Sometimes, Molinas bragged, he would arrange to have athletes
drugged on game day. More often he would seek out young guys who
were, as he put it, "not only outstanding players but also in
financial difficulties." Nothing delighted him more than to
discover a college kid who was struggling to pay the medical
bills for his wife's miscarriage or his baby brother's cerebral
palsy, to give but two examples. Molinas and pals would soften up
these players with 10s and 20s and then talk them into throwing a
game. If a life was ruined in the process, who cared?
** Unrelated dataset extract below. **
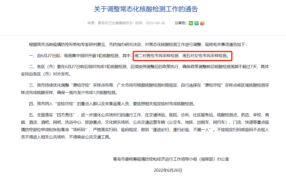 對此,青島市衛(wèi)健委回應(yīng):采用男女分開檢測,主要是借鑒大連等相關(guān)城市的經(jīng)驗做法。依據(jù)奧密克戎毒株傳播特點,將家庭和單位作為防控單元,男女分開檢測相當(dāng)于每周對該防控單元進行2次健康監(jiān)測,在同等人力、物力投入下,在滿足7天一輪檢測的目標(biāo)的前提下,實現(xiàn)了篩查頻次的倍增,有利于盡早發(fā)現(xiàn)風(fēng)險,節(jié)約成本、減少檢測機構(gòu)的壓力,提高檢測的敏感性和時效性。另男女分開檢測可減少檢測日采樣人數(shù),實現(xiàn)時間上的錯時錯峰,能夠減少市民排隊等候時間。

Yet Molinas's brilliance and charm make him an entrancing
character--think Tony Soprano with a basketball--and Rosen's
book reads more like a novel than a biography. No Hollywood
screenwriter could have drawn him more colorfully. After a
much-deserved stint in prison, Molinas went into the pornography
business, producing such masterpieces as Caught in the Can and
Lord Farthingay's Holiday. Even his death seems scripted: In
1975 he was shot in the back of the head, almost certainly at
the behest of the mob.

Rosen leaves only one question unanswered: Could Molinas have
been saved? Had he gotten help for his gambling problem, would he
be alive today, perhaps with a plaque in the Hall of Fame? For
Rosen the answer is no--he condemns Molinas as a "villain." From
the grim portrait he paints, it's hard not to agree.